Um es kurz zu machen. Die Grünen haben die Bundesregierung gefragt. Im Jahr 2017 gab es noch 1,223 Millionen Wohnungen, bei denen eine Mietpreisbindung existiert(e). Das sind gut 46.000 Wohnungen weniger als im Jahr 2016. Im Jahr 2006 gab es mehr als doppelt so viele solcher „Sozialwohnungen“: 2,5 Millionen.

Dafür zahlt der Bund den Ländern Geld, die Gelder sind jedoch nicht an den Zweck „Sozialwohnungen“ gebunden. Einer der Hauptgründe für die sinkende Zahl an Sozialwohnungen ist der Umstand, dass gerade große Unternehmen weniger bauen. Die „Wohngemeinnützigkeit“ gibt es seit 1990 nicht mehr. Die hatte dafür gesorgt, dass solche Unternehmen Steuervorteile genossen, sofern sie sich an bestimmte Rahmenbedingungen hielten und als gemeinnützig anerkannt waren.

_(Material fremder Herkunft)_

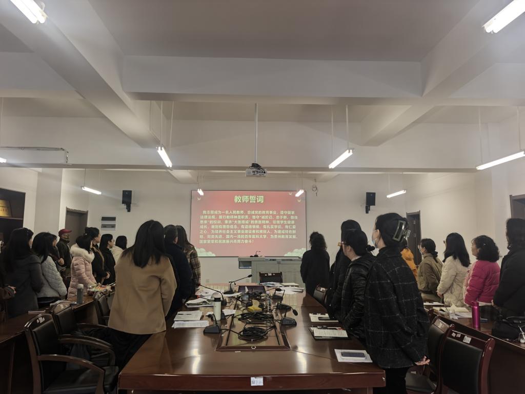 教工党支部书记杨蕙带领全体教师重温教师誓词。

Der Mieterbund hat Angaben des „Manager Magazins“ zufolge errechnet, es bräuchte jährlich gut 80.000 neu errichteter Sozialwohnungen. 2017 wurden 26.231 dieser Wohnungen gebaut, 2016 noch gut 24.550, also tatsächlich weniger. Aber weit zu wenig – und das trotz unvergleichlich günstiger Zinsen.

Die Situation wird sich verschärfen, sollten die Zinsen eines Tages gegen den Willen der Regierungen in der Euro-Zone wieder marktgerecht steigen.